If part-time is the new perfect, where are all the jobs?

Parents have had a lot to contend with over the past year. We’ve been working from home whilst simultaneously homeschooling, or generally herding small people and pets around the house, in an effort to save their stagnating brains – all whilst maintaining some semblance of professionalism in our own careers. It has been… well, enough to drive a person to gin. Let’s be honest, it has been less than ideal for anyone, and this is before you’ve even acknowledged the looming spectre of a deadly pandemic and consequential efforts to shield our little ones from our own worries about their fragile, beloved grandparents, our own health and even our precious babies themselves. If you are lucky enough to be in a family that has one adult with a part-time or flexible role, then it’s never felt more of a good idea!


I chose to take time away from my career when my children were small, and now have the relative luxury of working a few hours a week, teaching part-time. I have felt the need to defend this position numerous times with my peers, putting on my thickest skin when well-meaning mums at the school gate ask “when are you going back to work?” … back to work? What, to the job I quit in 2012? Choosing to work very part-time hours within the school day has meant years of shaking off the guilt that I was somehow abandoning everything Feminism had worked hard to give me.


Golden summer



When Homeschooling raised its terrifying head - yes, even teachers find the thought of formally educating our own children pretty hideous – I found myself sharing experiences with my more career-minded friends in families where both parents worked full-time. In many cases their children might normally be in wraparound care from breakfast till dinner time, weekdays, but now the parents were suddenly trying to keep on working with one, two or even three children lurking at home. Some spoke of employers who had genuinely suggested that their offspring might reasonably be expected to watch TV quietly for 8 hours a day… I was so incredibly grateful not to have this monumental task of striving to reconcile a full-time professional image against meeting the (also full-time) needs of my family. These friends, I have to say, did it: they did it brilliantly. But I do know that I had an easier time. I taught remotely throughout the lockdowns; I had plenty to do and to worry about, but my children enjoyed being at home. My part-time hours meant that I could juggle work and homeschooling (albeit a rather loose and forest-school version of it!) and I was able to spend whole and half days grubbing around in nature with them. We learnt about new bugs (in a lot of eight-year-old detail), found new walks, dipped in the river, and enjoyed our pets. In some ways, it was a golden summer.


Part-time career options

Across the world, people are reporting that working from home is a part of their career that they want to keep hold of post-pandemic. I’m reading that high-powered jobs are now allowing part-time hours. Great news! Finally, perhaps the priceless benefits of being able to work part-time, or partly from the home environment, might be recognized. But I’m not seeing it at the jobs end. It is still the case that the majority of part-time or flexible new job posts are in the care, hospitality or housekeeping sector – the same place they have always traditionally been in. Where are the marketing roles, the finance roles, the third-sector roles that offer part-time, school-friendly hours or the option to work from home? As an educated, professional woman, I still have to choose between a ‘real’ career and being there to pick my kids up from school. Friends that have part-time roles feel trapped in their jobs – “I’d never get these hours if I started from scratch…”

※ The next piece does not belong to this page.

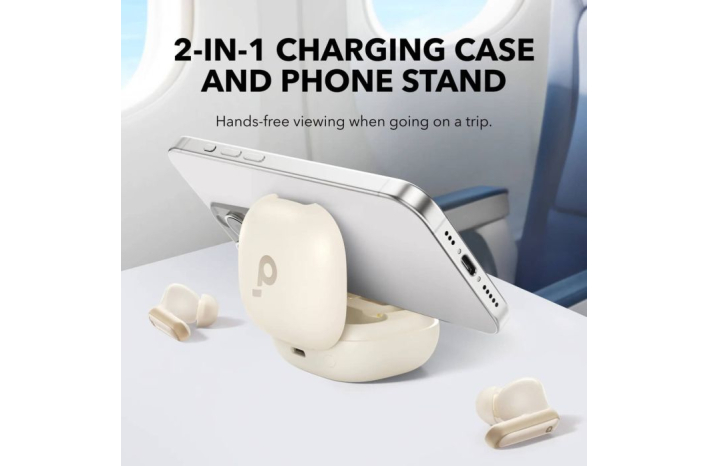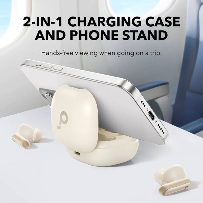 brezžične ušesne slušalke soundcore P40i imajo edinstveno etui za polnjenje, ki služi tudi kot stojalo za telefon, kar vam omogoča prostoročno uživanje v predstavah večnamenska zasnova izboljša vašo video izkušnjo, ko ste na poti.

Historically, the government has rewarded parents only for going back to work – tax credits for childcare, free childcare for two-year-olds even - but it has not provided the same support for those who opt to stay at home or work around their kids. If a pandemic hasn’t helped us see the benefit of working around our children’s school day, then I despair that we ever will. There is an army of women and men out there, with skills and expertise that could make a Jedi nervous, who would love to work 9-3. We’re an untapped resource! Why not give us a chance? You might be glad you did.